She wants him to drive a limo for her. Yea right. The Bouncer rides in front with him. He'll make 1G a week, under the table. How he has to get some security licenses and she's going to pay for them. Then he say's that she can help me too. I said "No way. I will not have anything to do with an escort service. I won't risk my security clearance!"

Then he tells us she has to have a prescription for special condoms for the girls and how they have to be checked every 3 months for VD and AIDS.  It's the law. BULL SHIT! Maybe in Nevada, but not here in Florida where all forms of Prostitution are illegal..


Then he comes in on Wednesday and tell us that he had dinner with the Madam and her girls and how he pulled the chair out for each of them. And how they said that is the politest man. I guess they didn't look at his chewed to the bone fingernails {gaging}. Oh, and how the Bouncer eats on the porch.
[What Movie is that From? The scene is so familiar. I don't think it was the Best Little Whore House in Texas, or Night Shift.]


Then he starts telling Mom how the Madam will be giving her a check weekly for her to deposit to Mom's account and Mom will give the cash to Barry. Can you say Money Laundering!!!!  I warned Mom, ANY involvement with this will mean the instant vaporization of me in her life.

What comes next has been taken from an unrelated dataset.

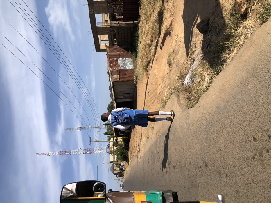 The image captures an outdoor scene on Rukuba Road, Nigeria. A paved asphalt road occupies the left and central foreground, with a partial view of a yellow and green three-wheeled vehicle's side mirror and body on the far left. A single individual, a young person, is walking away from the camera on the right edge of the paved road or an adjacent dirt shoulder. This person wears a white long-sleeved shirt, a blue outer garment (possibly a vest or sleeveless top), blue shorts or a skirt, white knee-high socks, and sandals, carrying a blue backpack. A distinct shadow from the person is cast on the road to their left, indicating strong sunlight. To the right of the paved road, the terrain is unpaved, consisting of dry, reddish-brown earth with sparse, dry vegetation. A row of structures constructed from corrugated metal sheets is visible along this unpaved section. Further back on the right, a partially constructed concrete building with exposed rebar and open window/door frames stands. A dark metal gate is also present in this area. In the mid-ground and background, two tall, red and white striped lattice communication towers are prominent against a clear blue sky with scattered white clouds. Overhead power lines span the upper portion of the frame, supported by utility poles along the road. Distant buildings are discernible on the left side of the road further down.

Oh, come to find out, she lives way out in the boonies. Barry's truck broke down Friday afternoon and he missed a chance to make 1G by taking a Girl to Tampa in the Limo and then Picking her Up in the morning. [What flipping movie is this from???!!!]

Rudeness beyond Belief

Mom and I were having a conversation about some business matters and what we are going to do when Barry comes barging in and cuts her off mid sentence. He just goes right into [The subject of the next post I don't want to spill the beans yet.] ...How he's going to make all kinds of money. How he has to get these Security Credentials and how the owner is going to pay for it...I finally cut him off and tell him that Mother and I were in the middle of an important conversation when he rudely burst in and cut her off mid sentence. He just yells back, "I'm talking now. Don't you interrupt me." Mom tells him to shut up because she and I were discussing something and we were almost done. Barry shouts out, "You listen to me, I'm not Done!" Mom tries to say something to me and I just got up and walked away....His mouth didn't stop till Mom went to bed. Then she called me on the cell phone to sneak into her room so we could finish our conversation. Mom's bedroom door is next to the sliding doors to the Sun Room where Barry has been sleeping. I quietly go into Mom's room and we start to talk and Barry comes barging in without even knocking demanding to know what "T***'s (me) saying about him." Mom tells him "How dare you barge into my room uninvited without knocking. Get out, NOW. T*** and I are trying to finish our conversation you disrupted. This has nothing to do with you!" Barry yells, "You don't order me out when you're talking about me." I just said "Good Nite Mom and walked out."

I heard Mom and him arguing for a bit and then nothing.  The next morning, Mom and I finished our conversation.

The Moron and the Psychologist

This is a bit digested, but I'm sorry I've grown tired of relating all the facts and would rather get to the point!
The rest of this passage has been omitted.